情報交換するミャンマーの歯科医師(前列)と岡山大の教授ら

 長年にわたり、医療人材の育成など人道的な立場でミャンマーを支援してきた岡山大は、従来の医学分野だけでなく、歯科分野でも交流を本格化させている。現在、歯学部で受け入れた同国の歯科医師4人が口腔(こうくう)病理や歯科矯正学などの研究・臨床、教育プログラムの習得に励んでいる。

 岡山大は2002年、ミャンマー保健省の2部局と交流協定を締結。若手医師の受け入れや共同研究、現地での手術指導、巡回診療などを続けている。

 歯学部では12年以降、定期的に教員らが現地を訪問。ミャンマーでは、かみたばこの習慣がある影響で口腔がん患者が多いとされ、虫歯などもかなり進行した時点で初めて受診するケースも少なくないという。こうした現状を目の当たりにし、現地でのがん検診などに力を入れてきた。

 昨秋には4年課程の大学院に留学生1人を初めて受け入れた。かみ合わせを改善する外科手術や先天的な口の病気「口唇口蓋裂(こうしんこうがいれつ)」の治療法を学ぶほか、矯正学の教育プログラムへの理解を深めている。「診断能力を高めるのはもちろん、教育方法も身に付けたい」とイ・イ・ス・ラインさん(36)。帰国後は指導的立場になることを期待されている。

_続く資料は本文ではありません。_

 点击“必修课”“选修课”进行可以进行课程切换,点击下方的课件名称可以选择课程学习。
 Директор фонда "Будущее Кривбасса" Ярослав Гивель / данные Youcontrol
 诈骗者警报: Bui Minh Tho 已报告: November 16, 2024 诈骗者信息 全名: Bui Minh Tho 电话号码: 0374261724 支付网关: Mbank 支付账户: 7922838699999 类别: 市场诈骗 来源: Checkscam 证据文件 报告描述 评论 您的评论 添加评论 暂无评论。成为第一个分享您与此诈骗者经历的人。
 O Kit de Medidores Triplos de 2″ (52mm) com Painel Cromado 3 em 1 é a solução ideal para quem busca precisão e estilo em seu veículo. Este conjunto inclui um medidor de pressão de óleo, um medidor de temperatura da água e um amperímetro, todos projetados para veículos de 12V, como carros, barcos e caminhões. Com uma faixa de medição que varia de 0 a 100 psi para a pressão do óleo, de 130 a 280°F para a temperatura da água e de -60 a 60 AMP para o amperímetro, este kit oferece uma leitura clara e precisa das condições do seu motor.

 9月には3カ月の予定で3人が来日。口腔がんの治療に役立てるため細胞診について学んだり、同大病院で外来診療に加わり歯科麻酔をテーマに研修したりしている。ノウ・メィ・ポウさん(37)は「ミャンマーには口腔病理医はいない。技術を母国で広めたい」と意気込んでいる。

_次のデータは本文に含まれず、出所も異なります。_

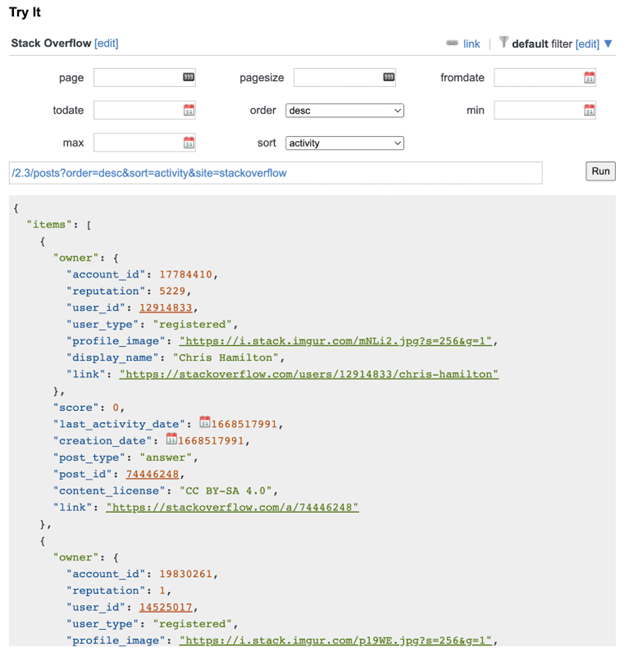 In the Stack Overflow data model, questions and answers are both considered posts. To pull sample post data from the API, click Run.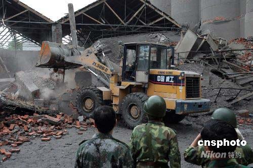5月14日,據(jù)抗震救災(zāi)前線的最新消息,救援隊伍已經(jīng)進入四川重災(zāi)區(qū)的所有市縣。圖為空降兵配合重型機械在什邡洛水拯救被掩埋的群眾。中新社發(fā) 譚超 攝
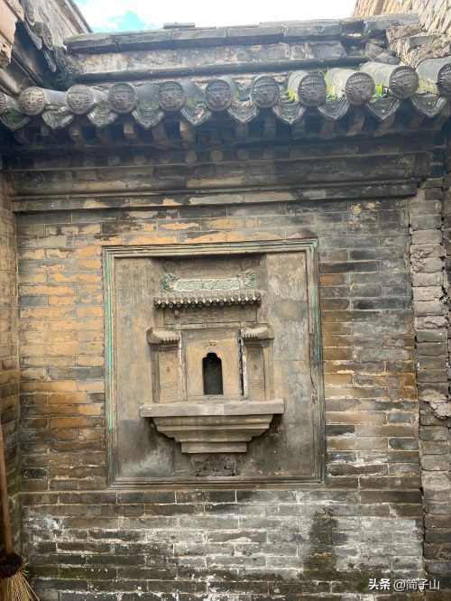 晋北民居的典型布局,进大门正对照壁,照壁正中央供奉土地爷。土地爷府经典对联:地内出黄金;土中生白玉。对于世代以土地为生的大多数居民来讲,土地承载的是全家人的生计,家家供奉土地神也就不足为奇了。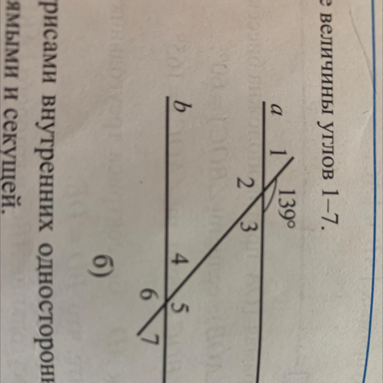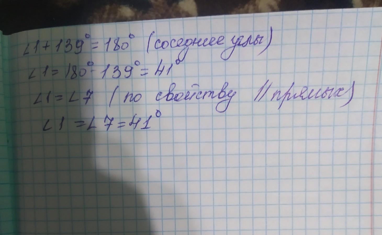 Угол 1 и угол 139°-смежные. Следовательно угол 1=180°-139°=41.Угол 1=угол 7=41°

 飯田征二副病院長は「散発的な支援ではなく、長く続けられる交流にしたい。こうした取り組みは大学の国際化にもつながる」と話す。

 同大とミャンマーの交流は、NPO法人「日本・ミャンマー医療人育成支援協会」(事務局・岡山市)の協力を得て実施。理事長の岡田茂同大名誉教授は30年以上、同国と医療分野での交流を行っている。
※登場する人物・団体は掲載時の情報です。